PROBLEM TO SOLVE:
Apart from the pictures, every part of the records below gets retyped exactly.
** INFORMATION follows **
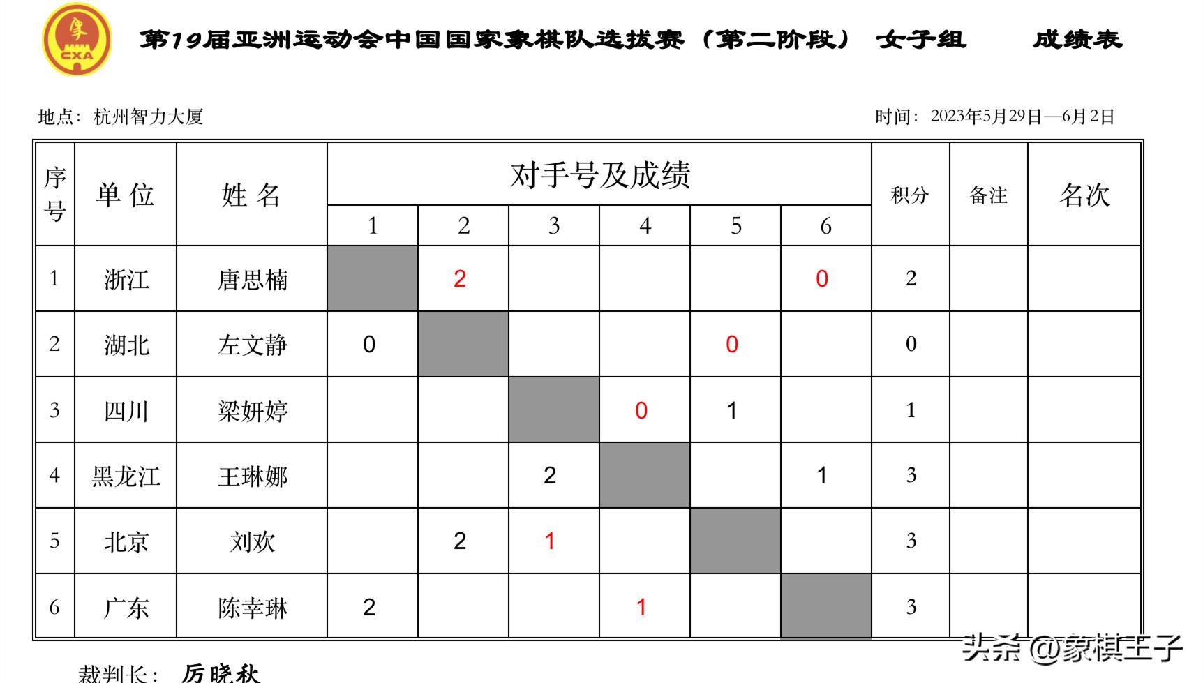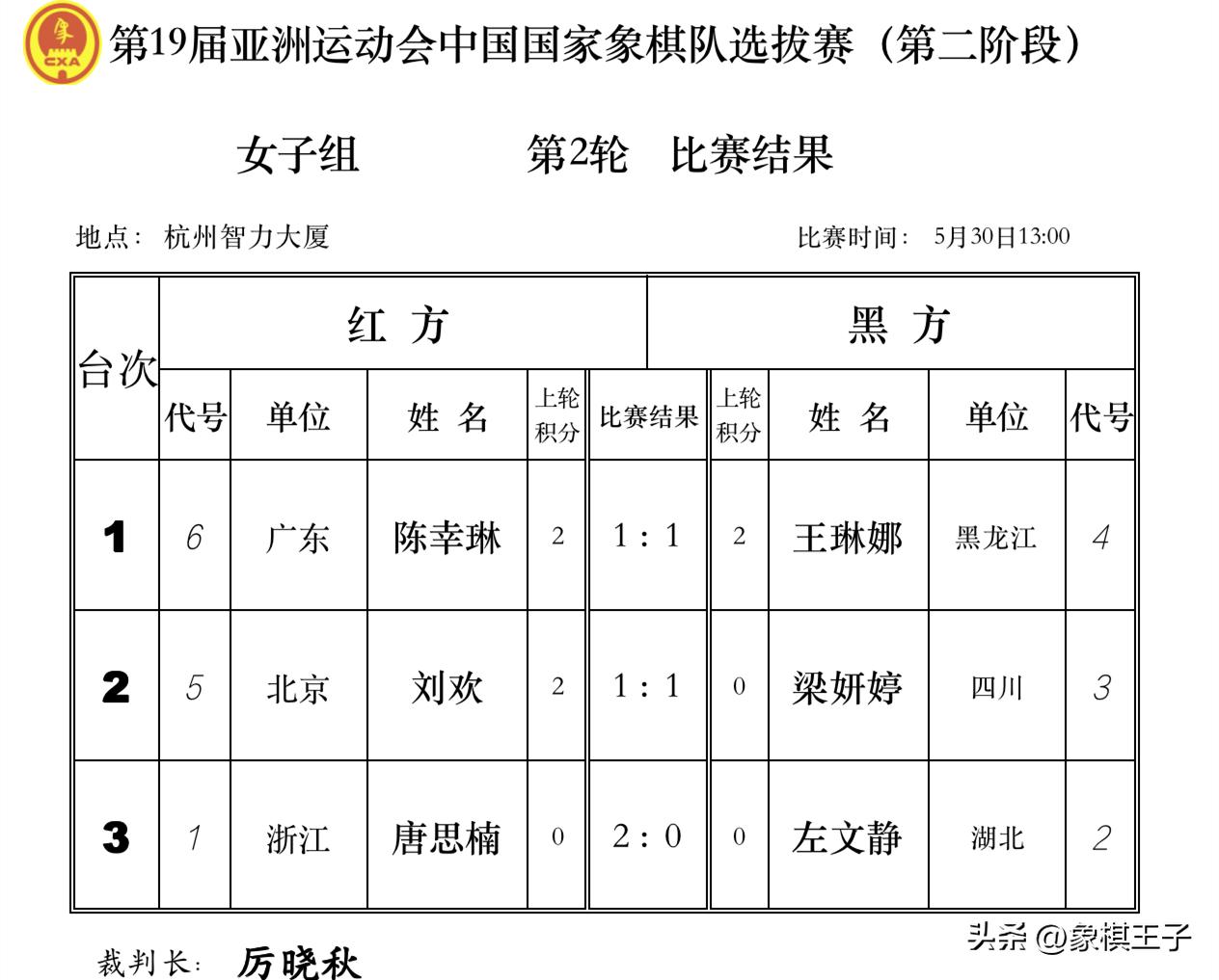 女子二輪後,王琳娜、陳幸琳、劉歡3分,唐思楠2分,梁妍婷1分,左文靜0分。
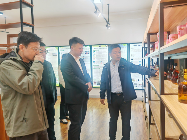 雷建鹏陪同左涛、郭晓岚一行参观了食品微生物与生物技术研究中心实验室及公司产品展览室,对中心的各个研究方向和公司产学研的成果产品进行介绍。
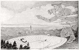 Shortly after the completion of the 1925 season and while he was in Philadelphia Smith died unexpectedly because of pneumonia.[23] This was on January 9, 1926 when he was 42 years old. He left no family, all of his $30,000 estate went to the university and the city of Berkeley. With $10,000 going towards football scholarships. His memorial service was held at the gates of Memorial Stadium and in accordance with his wishes, his ashes were scattered over the field.[24] In 1927, the Andy Smith Bench put at a sideline of the Memorial Stadium was dedicated in his honor. The built in 1923 California Memorial Stadium is still known as "The House that Andy built" because the Wonder Teams' season tickets completely paid for it .[25] Andy Smith was inducted into the College Football Hall of Fame in 1951.[2]
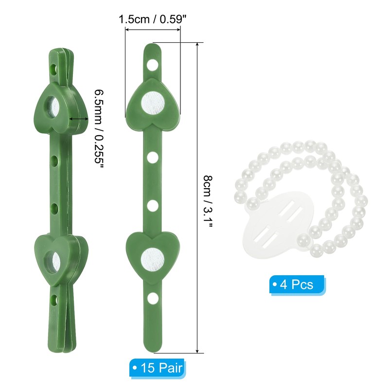 - Total Length: 8cm/3.1-inch; Total Width: 1.5m/0.59-inch; Packing List: 15 Pairs x Corsage Brooches, 4 Pcs x Elastic Pearl Wrist Bands
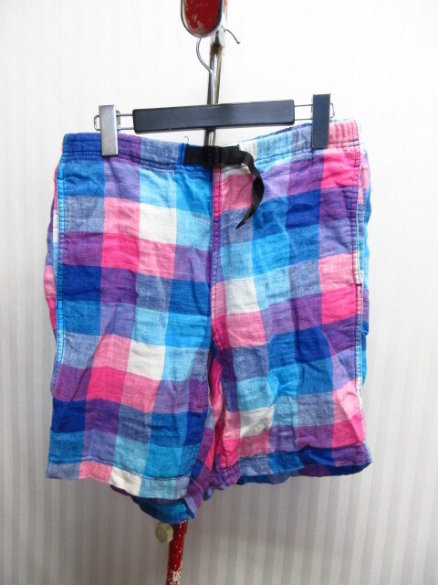 > グラミチ リネンショーツ メンズM チェック柄クライミングパンツ アウトドア ショートパンツ ハーフパンツ 麻パンツ サマーパンツ07012
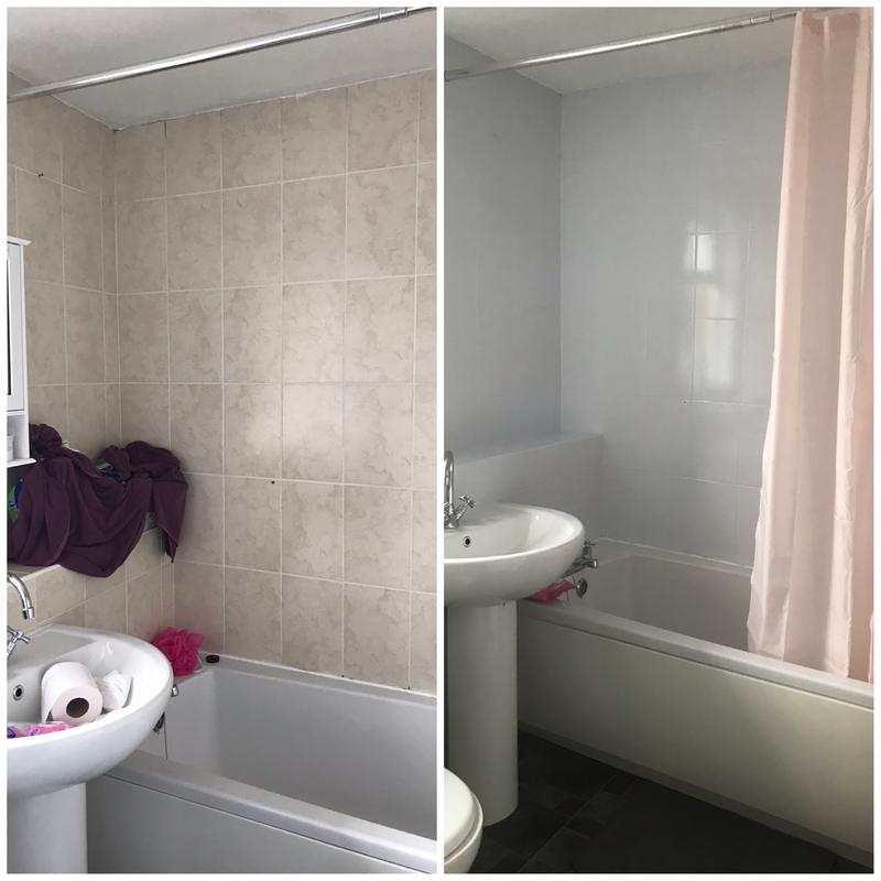 Light Grey Tile Paint / She will paint the 'pink tile' bathroom light french gray.
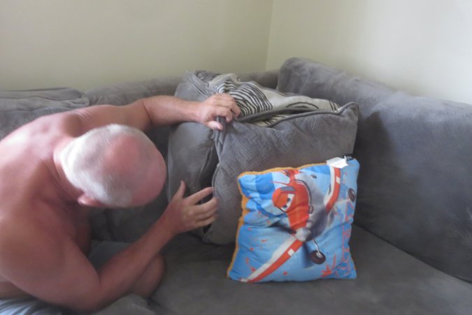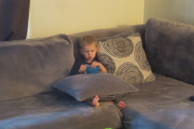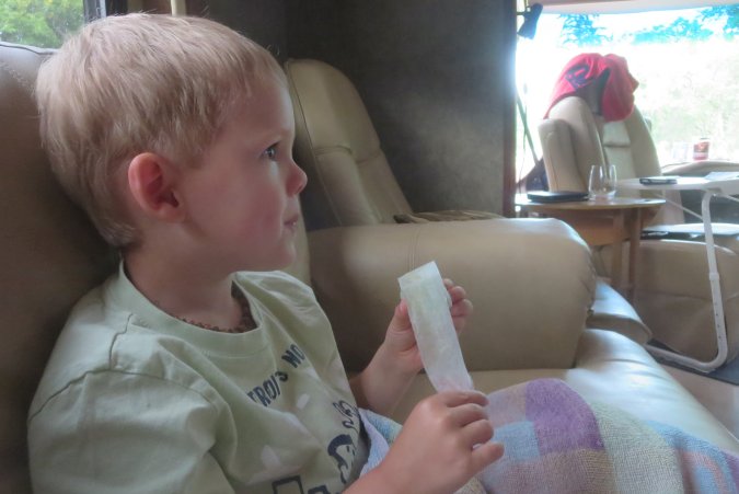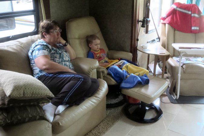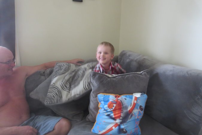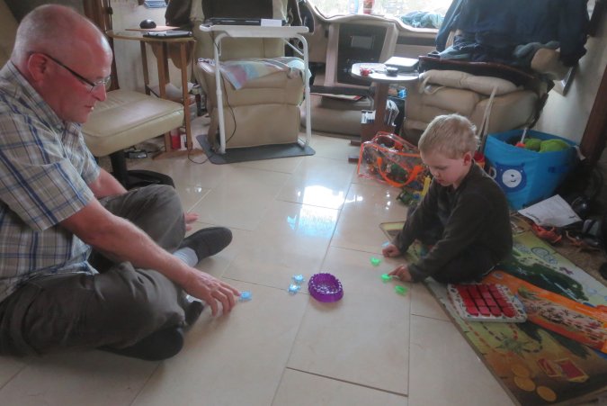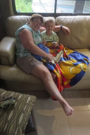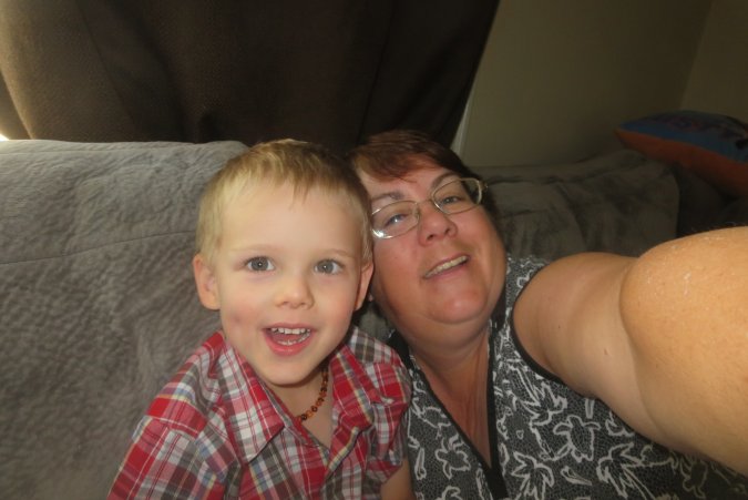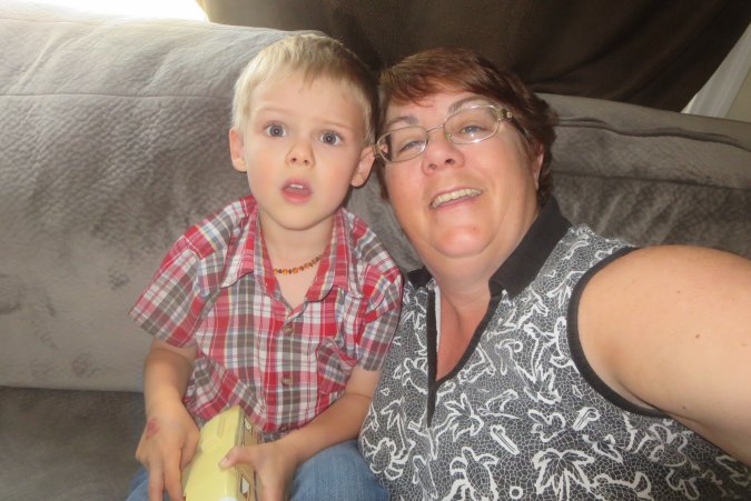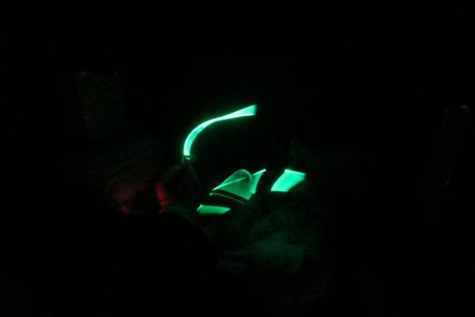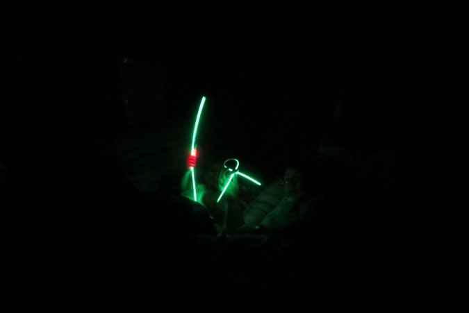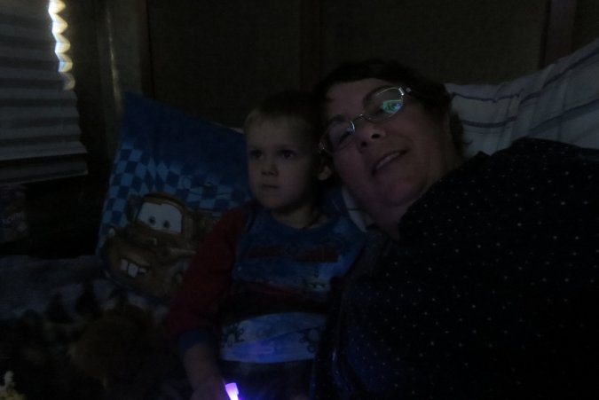Gabriel is in bed with Grand-maman and some "Glow Sticks".
** End of INFORMATION **
ANSWER SPACE:
 女子二輪後,王琳娜、陳幸琳、劉歡3分,唐思楠2分,梁妍婷1分,左文靜0分。
 雷建鹏陪同左涛、郭晓岚一行参观了食品微生物与生物技术研究中心实验室及公司产品展览室,对中心的各个研究方向和公司产学研的成果产品进行介绍。
 Shortly after the completion of the 1925 season and while he was in Philadelphia Smith died unexpectedly because of pneumonia.[23] This was on January 9, 1926 when he was 42 years old. He left no family, all of his $30,000 estate went to the university and the city of Berkeley. With $10,000 going towards football scholarships. His memorial service was held at the gates of Memorial Stadium and in accordance with his wishes, his ashes were scattered over the field.[24] In 1927, the Andy Smith Bench put at a sideline of the Memorial Stadium was dedicated in his honor. The built in 1923 California Memorial Stadium is still known as "The House that Andy built" because the Wonder Teams' season tickets completely paid for it .[25] Andy Smith was inducted into the College Football Hall of Fame in 1951.[2]
 - Total Length: 8cm/3.1-inch; Total Width: 1.5m/0.59-inch; Packing List: 15 Pairs x Corsage Brooches, 4 Pcs x Elastic Pearl Wrist Bands
 > グラミチ リネンショーツ メンズM チェック柄クライミングパンツ アウトドア ショートパンツ ハーフパンツ 麻パンツ サマーパンツ07012
 Light Grey Tile Paint / She will paint the 'pink tile' bathroom light french gray.
Gabriel is in bed with Grand-maman and some "Glow Sticks".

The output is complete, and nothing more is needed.